Black archeology of datamining: how dangerous are the “plums” of big data

In 2014, a large, over 6 million records, database of passwords of various mail services leaked to the network. Let's see how relevant these passwords are now, in 2015.

To do this, we compare these email passwords with another large database, the drain of which was no less ambitious - but much more imperceptible for the IT community. In May 2015, a database of all personal data (logins, passwords, emails, profile information) from the website Ask.ru was hit. Apparently, passwords were stored in the database in the clear.

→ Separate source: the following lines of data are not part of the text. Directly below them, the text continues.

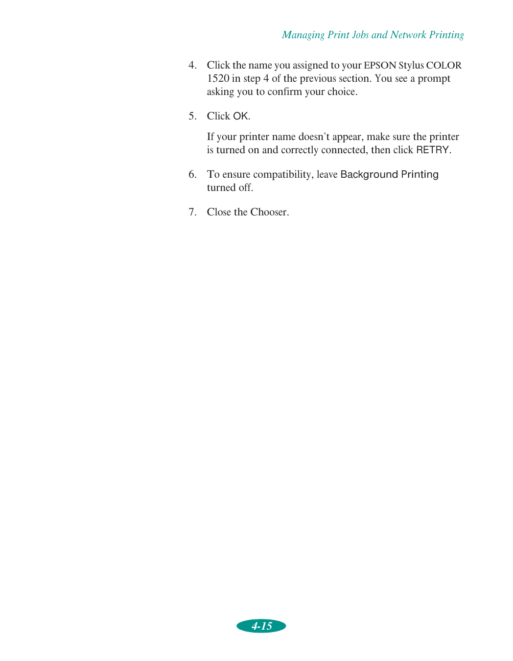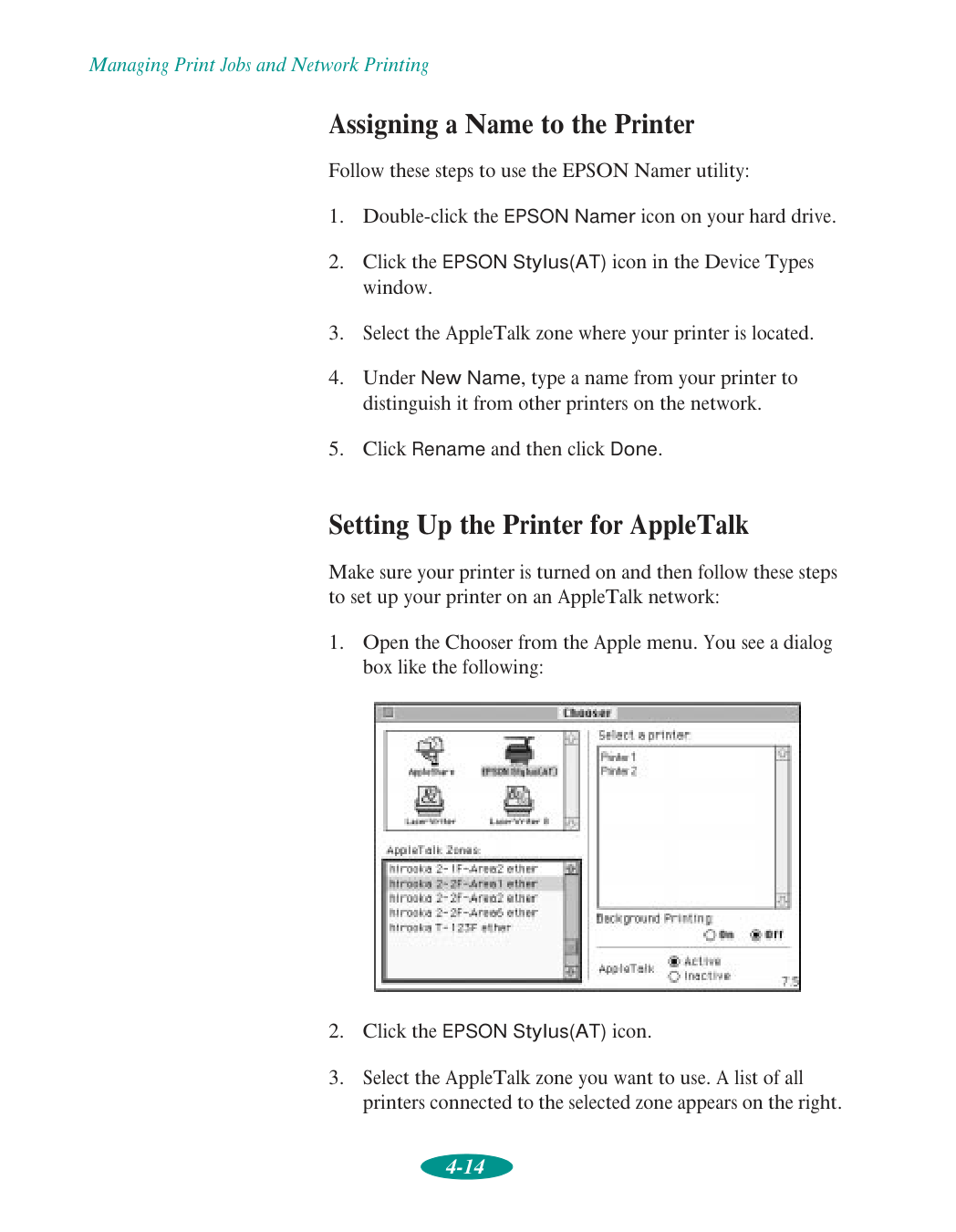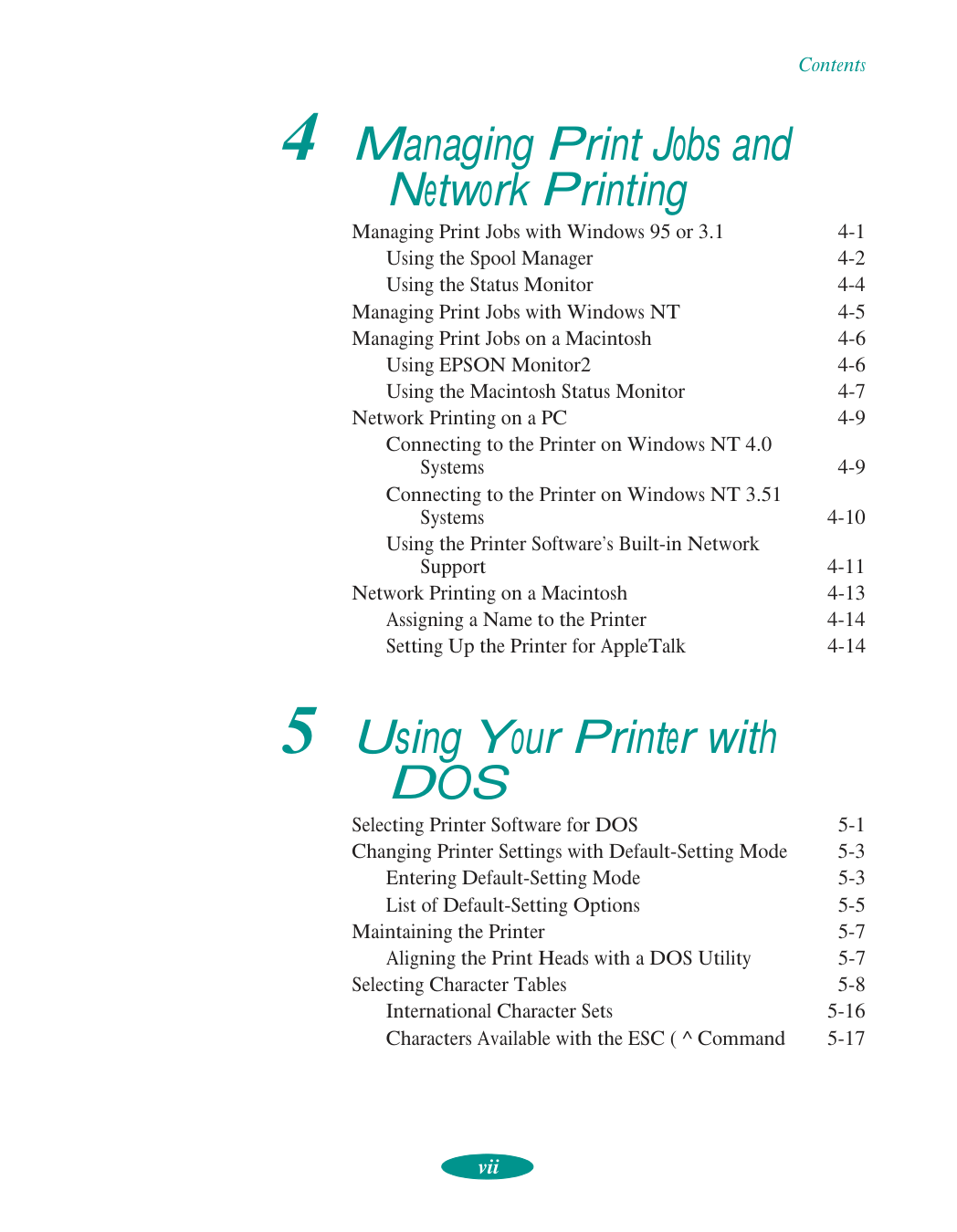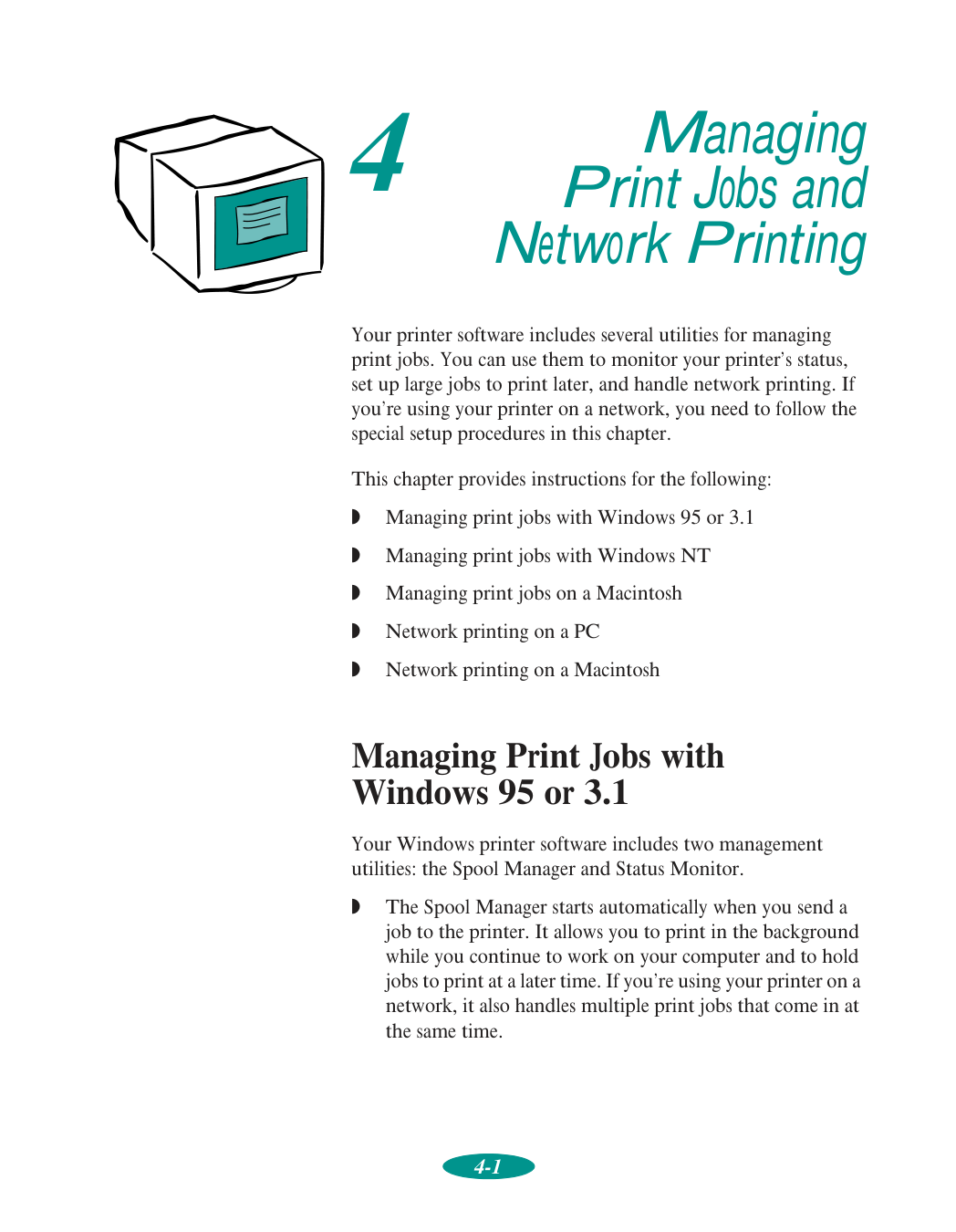 Contents vii 4 Managing Print Jobs and Network Printing Managing Print Jobs with Windows 95 or 3.1 4-1 Using the Spool Manager 4-2 Using the Status Monitor 4-4 Managing Print Jobs with Windows NT 4-5 Managing Print Jobs on a Macintosh 4-6 Using EPSON Monitor2 4-6 Using the Macintosh Status Monitor 4-7 Network Printing on a PC 4-9 Connecting to the Printer on Windows NT 4.0 Systems 4-9 Connecting to the Printer on Windows NT 3.51 Systems 4-10 Using the Printer Software’s Built-in Network Support 4-11 Network Printing on a Macintosh 4-13 Assigning a Name to the Printer 4-14 Setting Up the Printer for AppleTalk 4-14 5 Using Your Printer with
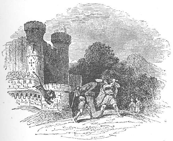 On the morrow, with the dawn of day, he put on his armour, and mounted his charger, and travelled through distant lands, and over desert mountains. And at length he arrived at the valley which Kynon had described to him; and he was certain that it was the same that he sought. And journeying along the valley, by the side of the river, he followed its course till he came to the plain, and within sight of the Castle. When he approached the Castle, he saw the youths shooting their daggers, in the place where Kynon had seen them; and the yellow man, to whom the Castle belonged, standing hard by. And no sooner had Owain saluted the yellow man, than he was saluted by him in return.
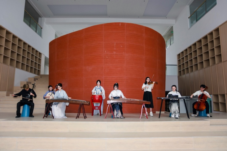 经纬书院内,传统曲艺魅力尽显。同学们表演的相声以字正腔圆的贯口、默契十足的捧逗,让书院回廊萦绕着浓郁的艺术气息。朗诵俱乐部在书院内,字斟句酌打磨台词讨论剧本,深切感受语言艺术的独特魅力。与此同时,民乐俱乐部成员指尖灵动,音符如涟漪在庭院水池中散开,与书香墨韵相融,绘就一幅雅致的文化图景,情景剧俱乐部在校史馆,依托馆藏文献资料,深入挖掘校史故事,找寻厚重的校史记忆,以“沉浸式”创作表达对学校深厚的感情。摄影穿梭各活动现场,用镜头定格美育实践的精彩瞬间。
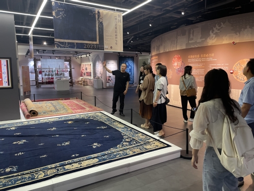 第二站崔黄口镇,崔黄口镇生产地毯有悠久的历史,该地区被誉为“地毯之乡”。师生一行首先来到织采宫-崔黄口国际地毯文化展览馆,展览馆分为上下两层,一层以全面展现中国地毯发展史为重点,二层主要以国际化视角,全面展现地毯技艺、文化特色。织采宫收藏和展示了诸多具有丰富内涵和精美图案的地毯藏品,可谓“集地毯神品于一堂”。通过参观,老师们被地毯精湛的织作技艺和丰富多彩的图案纹样所震撼。随后参观了天津卡米特纺织品有限公司展厅、生产车间,对于地毯的生产工艺和生产流程有了更深的认识。

All of them were relevant at the time of the drain base.

Some statistics:

The size of the "mail" base	6034544
Site base size	3432650
Login match	132093
Matching login-password pairs	77387

We see that on a single site in one of the 26 cases we will find the desired login in our merged database. At the same time, with a probability of 60 percent, we will be able to pick up the correct password for it.
')
That is, the password on the site, and in the mail, with which registration is made on the same site - is the same in 60 percent. Good result for a hacker!

Now let's check how unique these passwords are. We know the top mail passwords. Let's find how many passwords from the site fall into this top known to us. From 77 thousand get to the top (that is, obviously unreliable)

Top 10	9652
Top 100	10535
Top 1000	11704

That is, only one seventh of the passwords are unreliable, about the other passwords - users are confident of their security. This, I recall, in May 2015 - 9 months have passed since the discharge of the postal base.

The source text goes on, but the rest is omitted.